Comme attendu, la BCE a cette semaine fait légèrement évolué son discours vers la possibilité d’un « assouplissement quantitatif », sans pour autant passer à un acte quelconque. C’est tout l’avantage des personnes qu’on écoute, qui peuvent avoir un impact sur la réalité en prévenant simplement qu’elles pourraient agir sur ladite réalité ; quelques gérants réputés en tirent souvent profit, Monsieur Draghi lui, offre ses services aux Etats européens pour continuer de réduire leur taux d’emprunt, simplement par quelques discours.

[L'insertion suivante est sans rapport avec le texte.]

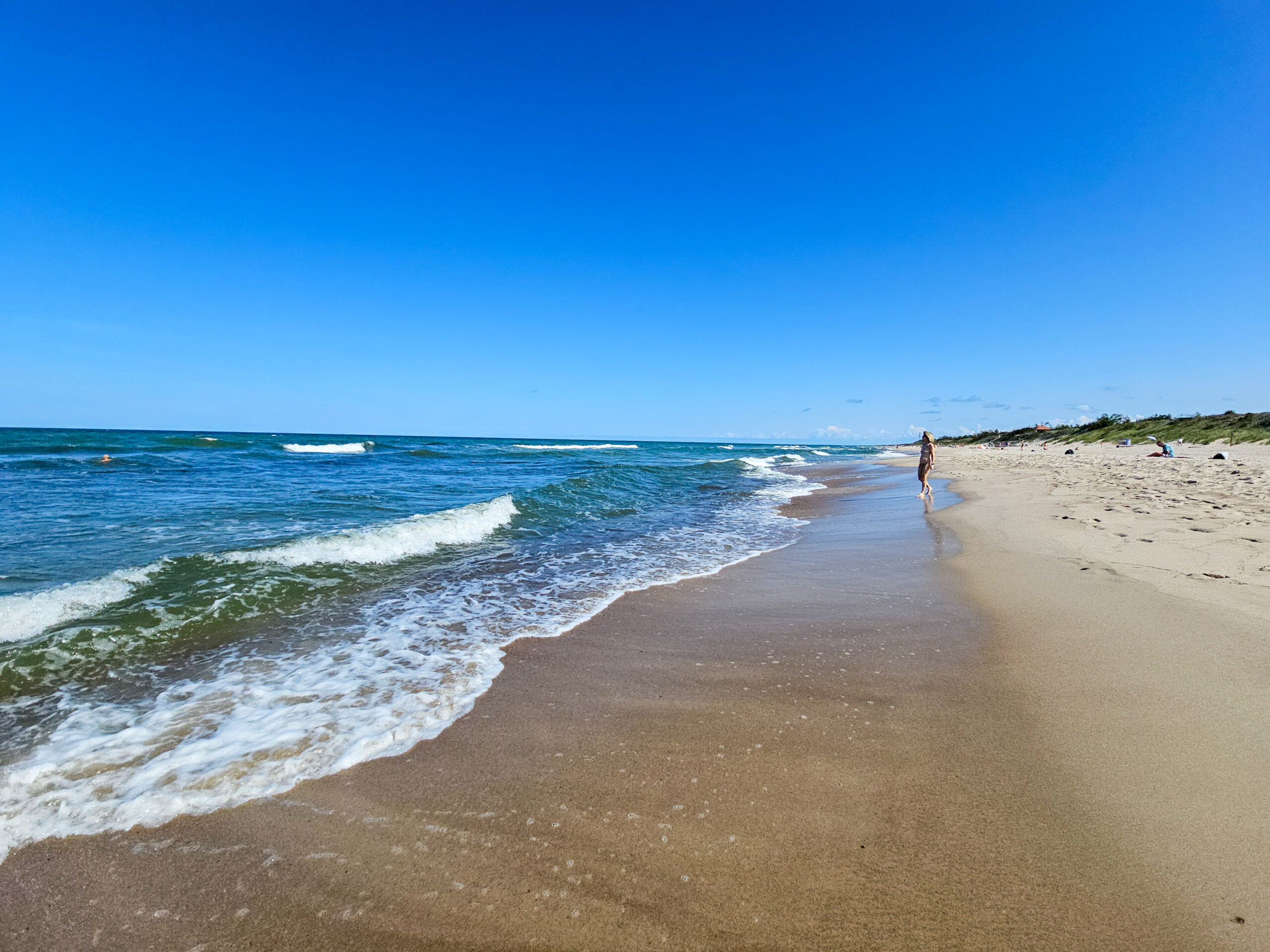 Unser Campingplatz liegt ideal: auf einer Seite der Kiefernwald, der uns vom Ort trennt, auf der anderen die Ostsee. Und direkt hinter dem Platz beginnt die Parnidis-Düne.

L’ensemble des pays européens, pour la plupart en situation de surendettement, en profitent bien puisque leurs taux à 10 ans sont aujourd’hui quasiment tous passés sous la barre des 4% : l’Allemagne emprunte à 1.5%, le Portugal emprunte à 3.8%, l’Espagne et l’Italie 3.1% soit la moyenne du taux allemand sur les dix dernières années.

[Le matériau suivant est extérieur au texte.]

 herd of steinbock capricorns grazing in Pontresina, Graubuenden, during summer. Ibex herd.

Même la Grèce, suite au déblocage de la dernière tranche d’aide par les ministres de la Zone Euro, devrait pouvoir profiter d’un taux 5 ans autour de 6% pour réaliser une première émission obligataire depuis sa restructuration (pour ne pas dire défaut) en 2011 et après avoir atteint des taux de 30% en février 2012. La situation a donc dû évoluer dans le bon sens, dirait un observateur : l’endettement est passé de 130% en 2009 à 176% en 2014, le chômage culmine à 27.5%, seule la tendance de fond semble commencer à prendre un début de chemin d’amélioration… Un des principaux changements est donc l’appétit des investisseurs qui, cherchant coûte que coûte du rendement, sont actuellement prêts à des paris de plus en plus risqués : la Grèce à 6% en est un, les nouvelles émissions obligataires de PME-ETI entre 4 et 6% (auxquelles les banques prêtaient auparavant à des taux comparables mais en échange de garanties beaucoup plus importantes que celles d’une simple obligation) en sont un autre, le « haut rendement » à tout crin, sur des échéances de plus en plus longues, lorsque le crossover a bientôt rejoint les niveaux les plus serrés de 2007 en est un troisième…

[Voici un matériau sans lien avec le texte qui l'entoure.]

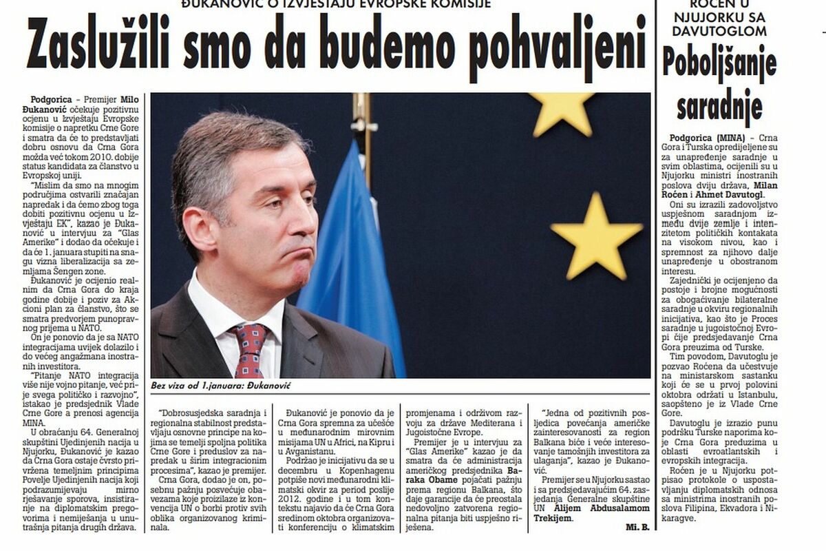 Premijer Milo Đukanović očekuje pozitivnu ocjenu u Izvještaju Evropske komisije o napretku Crne Gore i smatra da će to predstavljati dobru osnovu da Crna Gora možda već tokom 2010. dobije status kandidata za članstvo u Evropskoj uniji.

Haut rendement justement avec cette semaine plusieurs dossiers :

  • L’Espagnol FCC : après avoir validé une restructuration de loans pour un montant d’environ 4.5Mds d’euros, reste à demander l’approbation des porteurs de la convertible 10/2014 pour un montant de 450M€. Autant dire que vu les montants, cette demande se fera juste « pour la forme » et, que ce soit par AG ou par le biais de la justice, la convertible FCC sera bien prolongée de 5 ou 6 ans. Sans exactement connaître les termes de l’opération et parce que ce type d’opération forcée est évidemment très mal considérée, l’obligation 2014 est passée en quelques heures de 100% du nominal à 95 pour traiter actuellement autour de 97.5% soit un rendement d’environ 7.15% sur 5-6 ans. Au vu de l’endettement de la société et de son attitude vis-à-vis des porteurs obligataires, ce taux nous semble une fois de plus trop bas. (AG des porteurs de la convertible le 5 mai)
  • L’Allemand Air Berlin : malgré ses dénégations le transporteur aérien semble bien en panne de trésorerie… Deux solutions se présentent alors : soit son riche actionnaire Etihad (détenant actuellement 29.9%) vole à son secours et augmente sa participation, soit une nouvelle compagnie aérienne européenne connaîtra le défaut…
  • Le Français Numéricable : après trois semaines d’allers-venues, c’est finalement le petit Numéricable qui vient de remporter SFR, au grand dam de l’Intelligencia politique. Avec une augmentation de capital de 4.7Mds et un endettement complémentaire de 8.8Mds€, le nouveau groupe devrait offrir de meilleurs ratios que Numéricable seul, avec notamment un ratio dette/ebitda de 3.5x (contre 4x pour Numéricable actuellement)
  • Enfin Lafarge : grâce à la fusion avec le Suisse Holcim, le leader français devrait sortir de la catégorie « haut rendement » et retrouver un rating BBB-/BBB. Nous suivrons les obligations Lafarge assorties de « step-down » sur le coupon qui devraient ne pas profiter autant de l’opération que les autres…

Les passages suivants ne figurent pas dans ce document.